Energy efficiency is an effective (rational) use of energy resources. This means using less energy to provide the same level of efficiency for household or industrial processes, achieving cost-effective efficiency in the use of fuel and energetic resources at the current level of technology development, and compliance with environment protection requirements. This branch of knowledge is at the intersection of engineering, economics, law, and sociology.
Unlike energy conservation, mostly aimed at reducing energy consumption, energy efficiency is a rational (better) energy consumption.
For the population, it means a significant reduction in utility costs, for the country, it means conserving the resources, increasing productivity and competitiveness, protecting the environment by limiting the emission of greenhouse gases into the atmosphere, for energy companies, it means reducing the fuel costs and eliminating unnecessary spending.
Energy saving and energy efficient devices are, in particular, intelligent systems of heat, ventilatio and electric power supply, operating only when the person is in the room and saving energy in his absence. Wireless sensor networks can be used to monitor the efficient use of energy.
Energy-efficient technology can be used in lighting (such as plasma lamps built using sulphur) and heating (infrared heating, heat-insulating materials).
Since the 1970’s. many countries have implemented policies and programs to improve energy efficiency. Today, the industrial sector accounts for nearly 40% of annual world consumption of primary energy sources and about the same share of the world’s carbon dioxide emissions. ISO 50001 is an internationally adopted standard, which, among others, regulates energy efficiency.
In the EU total energy consumption, the share of industry is 28.8%, the share of transport is 31%, and that of services is 47%. Taking into account the fact that about 1/3 the amount of energy is wasted on the housing sector, the European Union directive on energy performance of buildings defining mandatory building energy efficiency standards was adopted in 2002. These standards are constantly revised upwards, stimulating the development of new technology.

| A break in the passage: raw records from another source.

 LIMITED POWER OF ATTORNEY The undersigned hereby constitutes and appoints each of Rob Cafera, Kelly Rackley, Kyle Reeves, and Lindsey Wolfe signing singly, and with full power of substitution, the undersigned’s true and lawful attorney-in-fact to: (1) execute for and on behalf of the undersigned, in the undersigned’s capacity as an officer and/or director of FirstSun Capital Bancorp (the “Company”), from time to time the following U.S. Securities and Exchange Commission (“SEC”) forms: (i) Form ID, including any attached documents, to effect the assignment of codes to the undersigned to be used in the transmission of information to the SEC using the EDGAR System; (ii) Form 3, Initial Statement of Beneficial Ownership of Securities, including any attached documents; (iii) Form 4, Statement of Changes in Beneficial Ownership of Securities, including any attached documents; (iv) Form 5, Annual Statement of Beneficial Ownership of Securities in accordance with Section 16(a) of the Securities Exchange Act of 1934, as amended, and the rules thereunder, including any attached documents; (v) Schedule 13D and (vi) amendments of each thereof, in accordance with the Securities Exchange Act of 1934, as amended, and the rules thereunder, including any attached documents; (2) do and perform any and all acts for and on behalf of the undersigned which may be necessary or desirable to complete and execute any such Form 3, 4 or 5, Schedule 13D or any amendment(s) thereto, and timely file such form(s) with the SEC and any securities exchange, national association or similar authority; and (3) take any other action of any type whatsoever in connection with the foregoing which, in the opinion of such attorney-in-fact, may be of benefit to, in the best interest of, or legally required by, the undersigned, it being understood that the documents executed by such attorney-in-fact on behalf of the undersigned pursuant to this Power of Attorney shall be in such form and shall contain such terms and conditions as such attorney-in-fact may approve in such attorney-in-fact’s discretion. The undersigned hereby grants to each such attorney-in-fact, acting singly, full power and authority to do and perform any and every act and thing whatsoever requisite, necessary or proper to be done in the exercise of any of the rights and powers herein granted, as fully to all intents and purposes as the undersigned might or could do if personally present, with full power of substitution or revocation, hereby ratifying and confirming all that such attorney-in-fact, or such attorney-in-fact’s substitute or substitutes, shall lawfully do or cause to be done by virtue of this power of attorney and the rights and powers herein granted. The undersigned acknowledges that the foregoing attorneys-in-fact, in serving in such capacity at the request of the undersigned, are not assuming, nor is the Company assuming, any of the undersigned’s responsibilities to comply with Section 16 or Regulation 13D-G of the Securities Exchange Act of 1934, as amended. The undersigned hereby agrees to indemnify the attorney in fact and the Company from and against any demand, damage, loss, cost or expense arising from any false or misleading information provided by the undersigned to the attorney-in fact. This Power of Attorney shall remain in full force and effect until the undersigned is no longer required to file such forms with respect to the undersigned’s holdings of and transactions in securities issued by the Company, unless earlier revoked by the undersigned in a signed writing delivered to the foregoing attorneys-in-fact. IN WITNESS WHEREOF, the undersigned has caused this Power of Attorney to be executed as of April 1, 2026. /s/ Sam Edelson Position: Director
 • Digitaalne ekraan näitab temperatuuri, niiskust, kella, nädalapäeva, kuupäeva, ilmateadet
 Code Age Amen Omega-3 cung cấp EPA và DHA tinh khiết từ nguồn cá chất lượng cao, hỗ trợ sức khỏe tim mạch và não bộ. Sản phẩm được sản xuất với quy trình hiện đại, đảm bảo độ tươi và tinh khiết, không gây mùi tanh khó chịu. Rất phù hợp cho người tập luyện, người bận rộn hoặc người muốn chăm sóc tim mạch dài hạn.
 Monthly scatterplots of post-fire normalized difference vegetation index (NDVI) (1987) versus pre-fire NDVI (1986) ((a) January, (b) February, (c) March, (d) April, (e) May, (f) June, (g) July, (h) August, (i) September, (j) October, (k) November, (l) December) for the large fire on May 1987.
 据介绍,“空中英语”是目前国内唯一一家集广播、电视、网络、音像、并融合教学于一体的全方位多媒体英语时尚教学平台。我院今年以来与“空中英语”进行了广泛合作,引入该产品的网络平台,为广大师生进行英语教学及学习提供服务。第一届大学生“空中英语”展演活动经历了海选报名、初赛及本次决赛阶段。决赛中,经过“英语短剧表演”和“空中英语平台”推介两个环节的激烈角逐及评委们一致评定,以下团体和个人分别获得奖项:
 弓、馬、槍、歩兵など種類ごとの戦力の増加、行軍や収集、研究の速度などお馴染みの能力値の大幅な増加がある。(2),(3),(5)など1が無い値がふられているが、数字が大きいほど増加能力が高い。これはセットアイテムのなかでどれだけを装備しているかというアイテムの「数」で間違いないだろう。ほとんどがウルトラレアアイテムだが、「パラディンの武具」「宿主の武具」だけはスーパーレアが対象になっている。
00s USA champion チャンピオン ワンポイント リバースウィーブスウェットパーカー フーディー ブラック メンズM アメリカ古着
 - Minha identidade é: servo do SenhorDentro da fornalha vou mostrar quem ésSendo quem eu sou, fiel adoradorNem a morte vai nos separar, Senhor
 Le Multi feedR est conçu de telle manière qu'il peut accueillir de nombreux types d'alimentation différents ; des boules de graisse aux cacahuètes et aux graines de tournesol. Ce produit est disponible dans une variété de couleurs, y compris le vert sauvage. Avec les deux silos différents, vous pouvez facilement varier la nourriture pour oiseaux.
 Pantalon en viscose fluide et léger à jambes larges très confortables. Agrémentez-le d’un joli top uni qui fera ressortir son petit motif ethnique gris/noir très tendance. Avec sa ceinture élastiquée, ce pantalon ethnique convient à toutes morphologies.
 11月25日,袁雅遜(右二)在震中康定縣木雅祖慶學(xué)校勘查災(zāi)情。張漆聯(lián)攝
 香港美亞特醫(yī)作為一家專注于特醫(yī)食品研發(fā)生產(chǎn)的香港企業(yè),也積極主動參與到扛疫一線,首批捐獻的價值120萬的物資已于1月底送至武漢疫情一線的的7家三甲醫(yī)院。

The fastest growing segment is lighting with 22% of all projects associated with the replacement of the old lighting equipment to the energy efficient and taking lighting management measures. There is also new technology use in boiler industry, improving boiler operational efficiency and introducing insulation materials and photovoltaic systems, affecting the level of effective energy consumption.
In developed countries about half of all the energy is consumed to build and operate, when in developing countries it is about one-third. This is due to the large number of household appliances in the developed countries.
Alternative sources of energy in household may include heat pumps, solar collectors and wind generators.